Medan, Desember 2013 Penulis,
UJI RASIO LAJU ABSORPSI IBUPROFEN PADA USUS HALUS KELINCI
(Oryctolagus cuniculus) YANG DIKERINGKAN DENGANFREEZE DRYER
DIBANDINGKAN DENGAN USUS HALUS KELINCI (Oryctolagus cuniculus) SEGAR
Abstrak
Usus halus mempunyai karakteristik anatomi dan fisiologi yang lebih menguntungkan untuk penyerapan obat. Namun, metode in vitro pada usus halus mempunyai kekurangan yang disebabkan oleh ketidakmampuan usus halus untuk mempertahankan strukturnya dalam jangka waktu yang lama. Pengeringan beku
(freeze dryer) adalah salah satu metode pengeringan yang mempunyai keunggulan
dalam mempertahankan mutu hasil pengeringan, khususnya untuk produk-produk yang sensitif terhadap panas. Tujuan penelitian ini adalah untuk mengetahui perbedaan antara usus halus kelinci segar dan usus halus kelinci yang dikeringkan dengan freeze dryer terhadap laju absorpsi ibuprofen baku, ibuprofen tablet generik dan ibuprofen tablet merk dagang (Proris®) dan untuk mengetahui perbedaan laju absorpsi ibuprofen baku, ibuprofen tablet generik dan ibuprofen tablet merk dagang (Proris®) pada usus halus kelinci yang dikeringkan maupun usus halus kelinci segar sehingga dapat diketahui kelayakan pengeringan usus dengan teknik freeze dryer agar dapat digunakan pada penelitian absorpsi suatu obat.

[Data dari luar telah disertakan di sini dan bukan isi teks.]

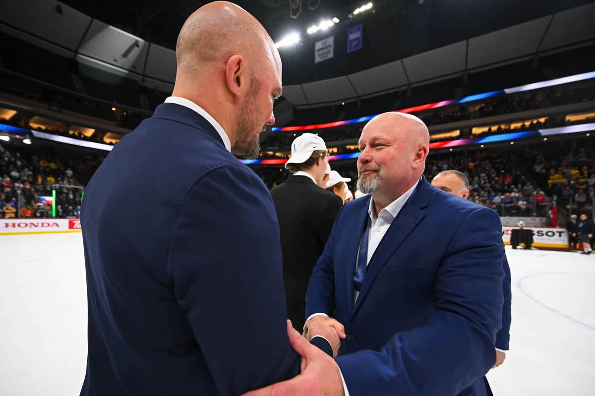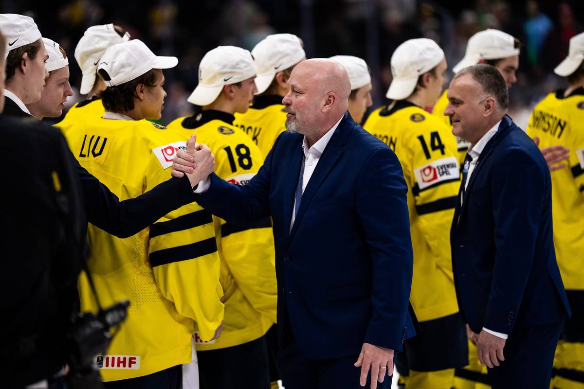 Trenér Patrik Augusta blahopřeje Švédům k titulu.

Penelitian ini dilakukan dengan metode usus halus terbalik kelinci, menggunakan alat Crane dan Wilson yang telah dimodifikasi. Jenis sediaan ibuprofen yang dibandingkan adalah ibuprofen baku, ibuprofen tablet generik dan ibuprofen tablet merk dagang (Proris®) dengan media larutan dapar fosfat pH 6,4 isotonis. Kadar ibuprofen yang terabsorpsi diperiksa dalam larutan dapar fosfat dengan menggunakan spektrofotometer ultraviolet pada panjang gelombang 222,5 nm dan data yang diperoleh dianalisis dengan menggunakan Statistical Program Service
Solution (SPSS).
Hasil penelitian menunjukkan bahwa laju absorpsi ibuprofen dipengaruhi oleh jenis sediaan dan keadaan usus. Pada usus halus kelinci segar laju absorpsi ibuprofen tablet merek dagang (Proris®) (0,764 mcg/ml.menit) > ibuprofen baku (0,679 mcg/ml.menit) > ibuprofen tablet generik (0,540 mcg/ml.menit) dan pada usus halus kelinci yang dikeringkan laju absorpsi ibuprofen tablet merk dagang (Proris®) (0,686 mcg/ml.menit) > ibuprofen baku (0,516 mcg/ml.menit) > ibuprofen tablet generik (0,438 mcg/ml.menit). Berdasarkan hasil uji statistik dengan menggunakan uji
Independent Sample T Test untuk laju absorpsi diketahui tidak terdapat perbedaan
yang signifikan antara usus halus kelinci segar dan usus halus kelinci yang dikeringkan dengan nilai signifikansi 0,059 dan terdapat perbedaan yang signifikan antara laju absorpsi ibuprofen baku, ibuprofen tablet generik dan ibuprofen tablet merk dagang (Proris®) dengan nilai signifikansi 0,001 dengan menggunakan uji One
Way ANOVA.
RATIO OF IBUPROFEN ABSORPTION RATE TEST IN FREEZE-DRIED AND FRESH RABBIT SMALL INTESTINE (Oryctolagus cuniculus)
Abstract
The intestine has advantageous anatomy and physiological characteristic for drug absorption. However,the in vitro method for intestine has a disadvantage caused by its inability to mantain its structure in a long period of time. Freeze drying is a drying method which has advantageous for maintaining the quality of the dried materials especially for heat-sensitive products.The purpose of this study is to determine differences of fresh and freeze dried small intestine in standard ibuprofen, generic tablet ibuprofen and brand name tablet (Proris®) absorption rate and to determine differences of standard ibuprofen, generic tablet ibuprofen and brand name tablet (Proris®) absorption rate in freeze-dried and fresh small intestine so as to know the feasibility of dried of freeze dryer intestine that can be used to absorption of a drug study.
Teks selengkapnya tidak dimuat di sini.